About this exercise - The answer must consist of every line from the data that holds the string "program".

(Stored data entries)
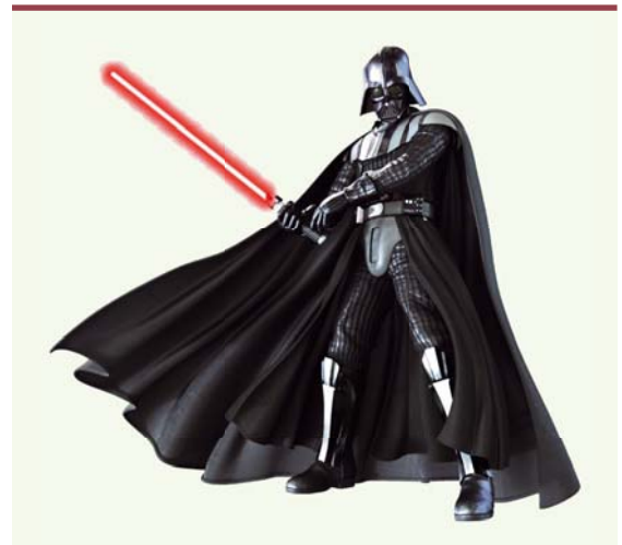
Figure 1. Dark Vader. Homme augmenté.

de la cellule adulte ayant permis l'obtention de l'iPS. Toutefois de très nombreuses équipes de recherche travaillent sur ce sujet [12].
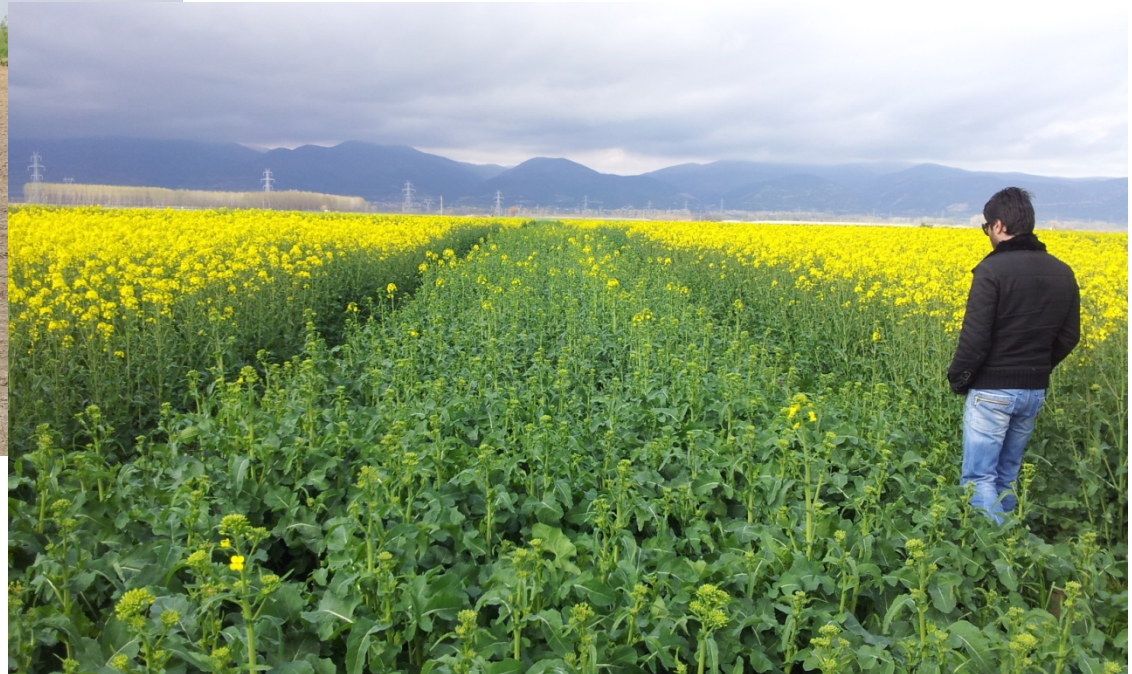
Αγρός σποροπαραγωγής ελαιοκράμβης
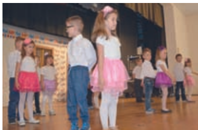
V Dražovciach sa páčili deti z miestnej MŠ.

Všade bol pripravený bohatý a pestrý program, v ktorom účinkovali deti z
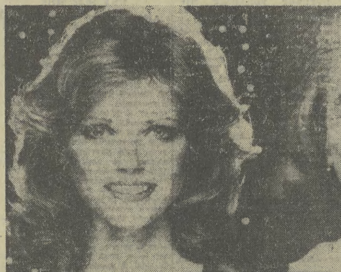
Jak bardzo zmienia kobiecą twarz zreca charakterystyka! Oto 31-letnia modelka Cheryl Tiegs, przed i po trzygodzinnej sesji... Ciekawe, czy kiedy Cheryl Tiegs będzie w wieku lat siedemdziesięciu — uda się zabieg odwrotny?

szych wskaźników w Europie. 6 nowych zespołów zamierza się uruchomić w 1981 roku. Podwyższy to udział energii nuklearnej do 45 proc. Wśród produujących państw w tej dziedzinie znajduje się również Francja — 15 elektrowni atomowych pokrywa 13,5 proc. zapotrzebowania na energię. Kraj ten wysunął najwybitniejszy program rozwoju energetyki atomowej. Zapowiedziano budowę 33 elektrowni nuklearnych i do 1987 roku udział źródła atomowych w całości zasobów energetycznych wzrośnie do 60 proc. Szwajcaria — 4 elektrownie

Task response -
Všade bol pripravený bohatý a pestrý program, v ktorom účinkovali deti z
szych wskaźników w Europie. 6 nowych zespołów zamierza się uruchomić w 1981 roku. Podwyższy to udział energii nuklearnej do 45 proc. Wśród produujących państw w tej dziedzinie znajduje się również Francja — 15 elektrowni atomowych pokrywa 13,5 proc. zapotrzebowania na energię. Kraj ten wysunął najwybitniejszy program rozwoju energetyki atomowej. Zapowiedziano budowę 33 elektrowni nuklearnych i do 1987 roku udział źródła atomowych w całości zasobów energetycznych wzrośnie do 60 proc. Szwajcaria — 4 elektrownie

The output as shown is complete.